После ухода старшего брата Марк отправился к матери. Мария имела привычку проводить эти часы в просторной комнате на женской половине, откуда ей было удобно наблюдать за рабынями, занимавшимися ткацкой работой в мастерских, устроенных позади обширного зала.
Сын нашел хозяйку дома в оживленной беседе с пожилым священником почтенной наружности с кроткими чертами лица. Марии было уже за сорок лет, но она все еще оставалась красивой женщиной. От нее Марк унаследовал стройность и высокий рост, узкие плечи, привычку держать себя слегка нагнувшись вперед, тонкие черты, белую кожу и мягкие волнистые волосы, черные, как вороново крыло.
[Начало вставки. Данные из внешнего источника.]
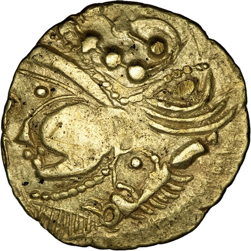 - CELTIC Aulerques Éburovices. Hémistatère aux sangliers ND (50-60 av. J.-C.).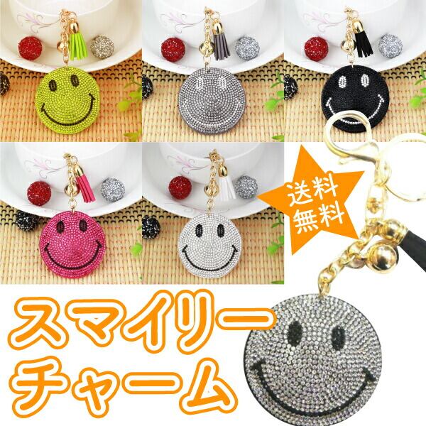 スマイル ニコちゃんチャーム アクリルストーン キラキラ キーホルダー イエロー/ホワイトブラック/ローズ/シルバー/ブラック/ホワイト 顔5.7cm×厚み2cm×タッセル約4cm、全長15cm rdb0002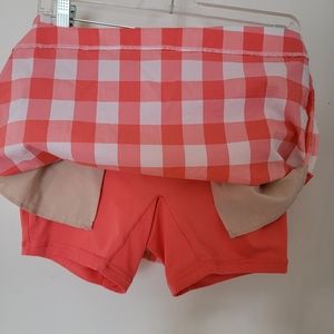 Very cute skort by Polo Ralph Lauren. Coral plaid print, pockets, ready for tee time! Women's size 2 but will fit a size 4 also.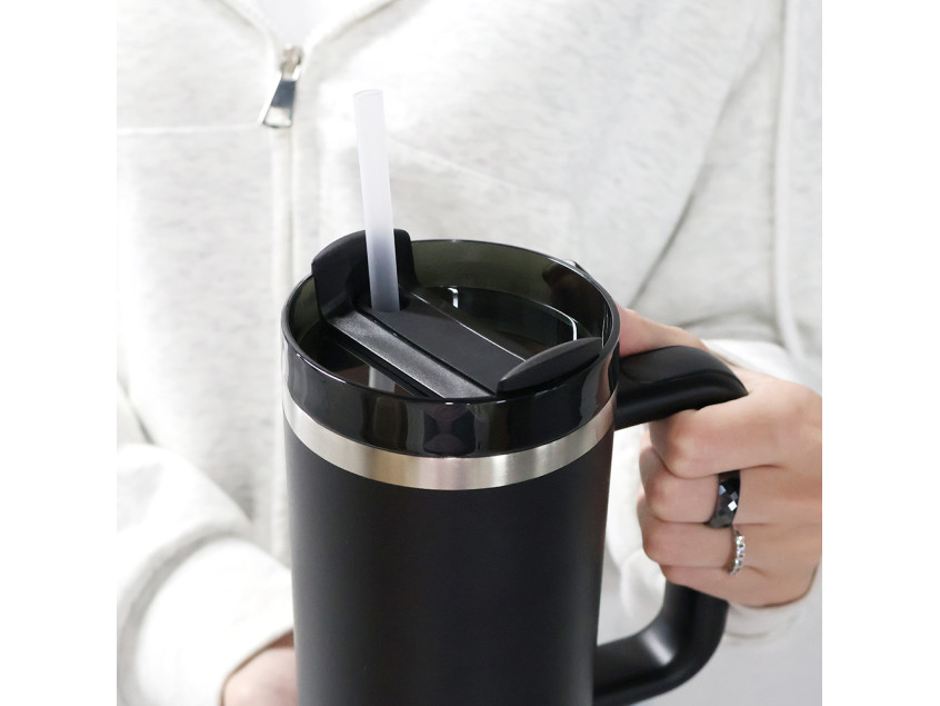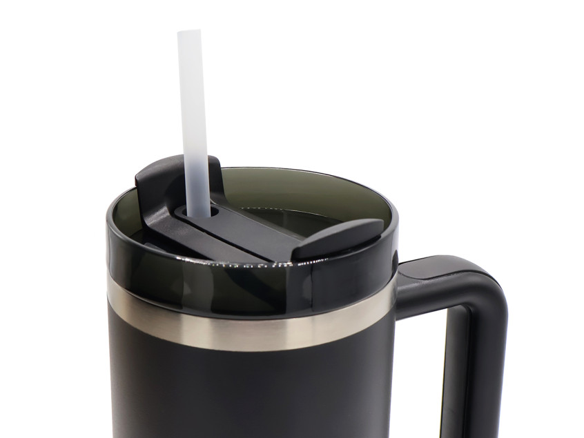 Для кружки Stayway отверстие под соломинку для питья смещено относительно центра и размещено для положения ручки в левой руке. Для положения кружки в правой руке будет удобнее использовать соломинку.

Сходство матери с сыном было еще заметнее, потому что оба они носили на голове золотой обруч; только черные глаза Марии смотрели особенно умно и проницательно, а подчас даже несколько жестоко, между тем как задумчивые голубые глаза Марка придавали его лицу почти женственную прелесть.
Предмет разговора между хозяйкой и гостем, вероятно, был очень серьезен, так как когда сын вошел, щеки Марии горели легким румянцем и тонкие пальцы нетерпеливо постукивали по спинке кушетки, на которой она лежала.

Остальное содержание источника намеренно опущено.